- Born: June 21, 1946 (age 78) Chiojdu
- Citizenship: Romania
- Occupation(s): Journalist and professor

Academic background
- Alma mater: University of Bucharest
- Thesis: (1981)

Academic work
- Discipline: Communication
- Institutions: National School of Political and Administrative Studies
- Notable students: Alina Bârgăoanu

= Paul Dobrescu =

Romanian academic (born 1946)

Paul Dobrescu is professor and founder of the Faculty of Communication and Public Relations of the National School of Political and Administrative Studies in Bucharest. He was also rector of this university from 2008 to 2012.

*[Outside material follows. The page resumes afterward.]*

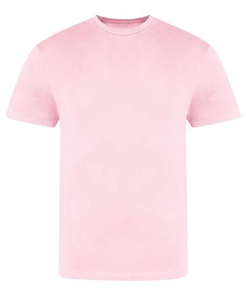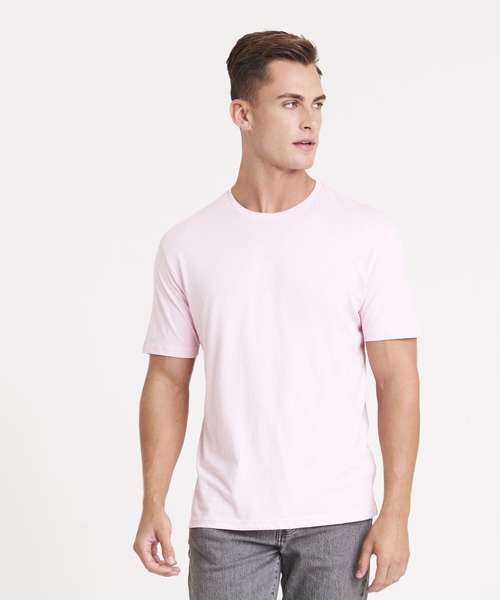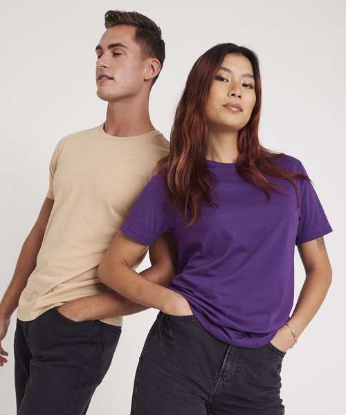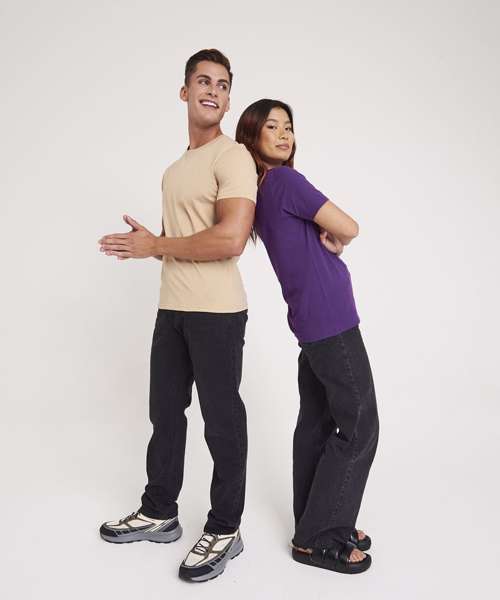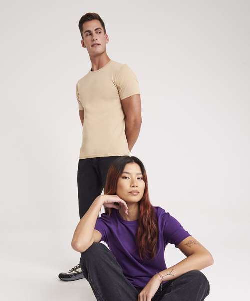 Modern fit. Short sleeves. Side seams. Taped neck. Ribbed crew neck. Twin-needle stitching detail on sleeve and bottom hem. Size label only for easy rebranding - colour coded black for unisex.

==Academic career and achievements==
Dobrescu graduated in philosophy from the University of Bucharest in 1970, and obtained his doctorate from the same university in 1981. Before the Romanian Revolution of 1989, Dobrescu was assistant editor-in-chief of Era Socialista, theoretical and socio-political journal of the Central Committee of the Romanian Communist Party and taught at the Ștefan Gheorghiu Academy. In 1990 he founded the Faculty of Communication and Public Relations of the National School of Political and Administrative Studies, and was its dean until 2004. In 1997 he became full professor and in 2008 he became habilitated to supervise doctoral research. He was also rector of this university from 2008 to 2012. In 2009 he founded a publishing house called Comunicare.ro. Throughout his academic career, he also published numerous books and articles. He was also visiting professor at Ilmenau University of Technology in Germany. He was a member of the Romanian National Council for Ethics that on 18 July 2012 acquitted Romanian premier Victor Ponta of accusations of plagiarism in his doctoral thesis, and became the chairman of this council a few days after. He is currently director of the Research Centre in Communication of his faculty. He was also from 2016 to 2019 research coordinator of a 3.5-million-euro project entitled 'State of the Nation. Designing an innovative instrument for evidence-based policy making' coordinated by the General Secretariat of the Government (SGG) of Romania and co-funded by the European Social Fund of the European Union through the Operational Programme for Administrative Capacity.

==Selected works==
- The Century of the Emerging World: Development with a Vengeance. Cambridge Scholars Publishing, 2017.
- The Post-Crisis Crises: A World with No Compass and No Hegemon. Cambridge Scholars Publishing, 2018.
- Development in Turbulent Times: The Many Faces of Inequality Within Europe. Springer, 2019.